I had a few awesome conversations this past weekend.  I also had one or two of the so-so conversations that we all dread.  For your convenience, I’ve listed a few basic tactics you can use to respond to the dreaded catching-up conversations we all face.  I’ve tried all of them, and there are certainly some that I have forgotten to add.  Either way, it’s well worth your time to peruse the list.  My time, I mean.

  1. The Brush Pass:  Named after the staple tactic of CIA and Google agents everywhere, this method involves subtle but clear communication of the desire to remain silent.  No real interaction or conversation is desired or even prudent, and a quick “not much, just working and hanging out” usually fits the bill.  If the person making conversation persists in their search for details, you may have to move on to a different tactic.
  2. The Norm MacDonald:  Needing no real explanation of its title, this approach usually has the effect (ala Dirty Work ) of completely repulsing any decent person through an outlandish and abhorrent claim.  For instance, “Where are you working now?”  “I work at the baby meat processing plant.”  “The…what?”  “I kill and process children for mass consumption.  I love it and can’t imagine doing anything else.”   If your aggressor insists of laughing this tactic off, you will then need to move on to yet another step.
  3. The Chuck Norris:  While actually punching and kicking people has a good success rate, this one is a little more metaphorical.  One must karate chop the annoying conversationalist with umistakable hints about how painful this conversation has grown to you.  “Do you enjoy your job at the…”baby processing plant” ha ha ha?”  “Yes.  I do.  It’s the only place where I know I won’t have to waste time making small talk with random people all day.”  Then you just stare them down and continue to answer any further questions with an increasingly painful delay.  Which leads me to…

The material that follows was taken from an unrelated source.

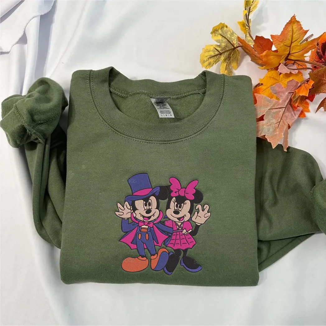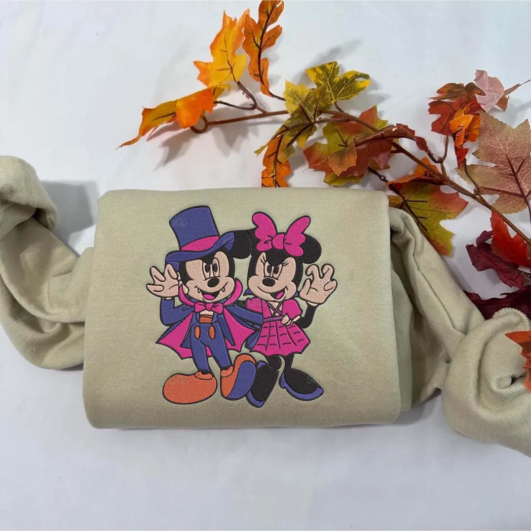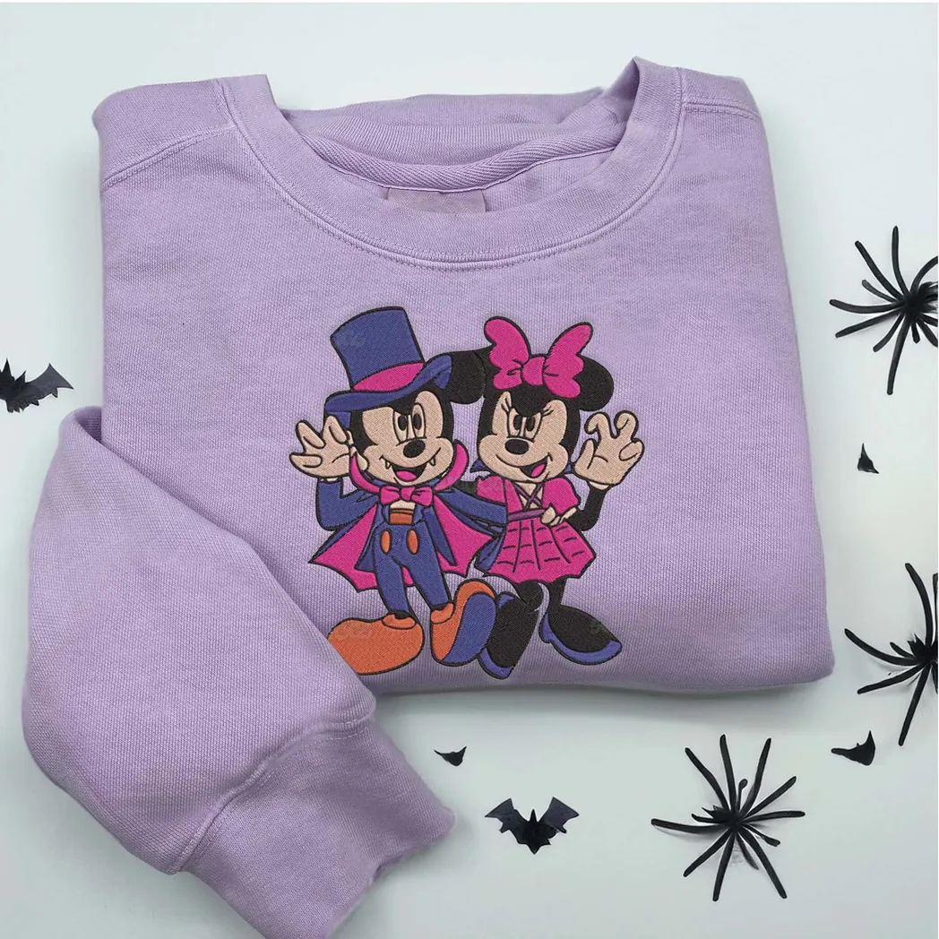 Mickey Minnie Mouse Cartoon Halloween Embroidered Sweatshirt Fashion Style

  4. The Deep Blue:  Just like a chess computer, you must know your move before the opponent has finished their part of the conversation.  The greatest part of this strategy, however, is that you can use your preparedness to pretend like answering their questions is extremely difficult for you.  Four to six seconds of blank staring before firing off an intentionally labored response can really weaken their defenses.  Just make sure that you don’t overact, as some simian-types may mistake your pauses for thoughtful intervals, and be flattered by your intense effort to come up with worthy conversation fodder.  However, if they insist on carrying the conversation despite your signals, you will have to launch the peacekeeper missile of conversational tactics…

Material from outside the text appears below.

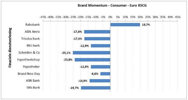 Zo is er van de 10 gemeten bankmerken slechts een merk dat een positief momentum weet te bereiken. Het mag geen verrassing heten, dat dit de coöperatieve Rabobank is. De coöperatie blijkt volgens het onderzoek ideaal aan te sluiten op de huidige tijdsgeest, waarin we de macht liever niet meer leggen in de handen van de aasgieren op de aandelenmarkt.

  5. The iPhone:  You know who they are.  They’re always looking something up, checking their email, or updating their status on the Facebook.  While we all resent these obnoxious people for their mindless tapping and sliding, the basic principles of the iPhone forcefield are there for the taking.  Simply put, one must always show blatantly greater interest in anything at one’s disposal other than the conversation partner.  If you have some change, not-so-surreptitiously jingle it and inspect the quarters for interesting state mottos.  If you have shoelaces, immediately un-tie and re-tie both of them.  Read any inscriptions or food labels in your immediate vicinity and check any accessible clothing labels (yours or not) for possibly intriguing combinations of cashmere and polyester.  While the offender will undoubtedly be insulted by your ostensibly rude behavior, they will think their time too valuable to be wasted on someone as petty as you.  In other words, mission accomplished.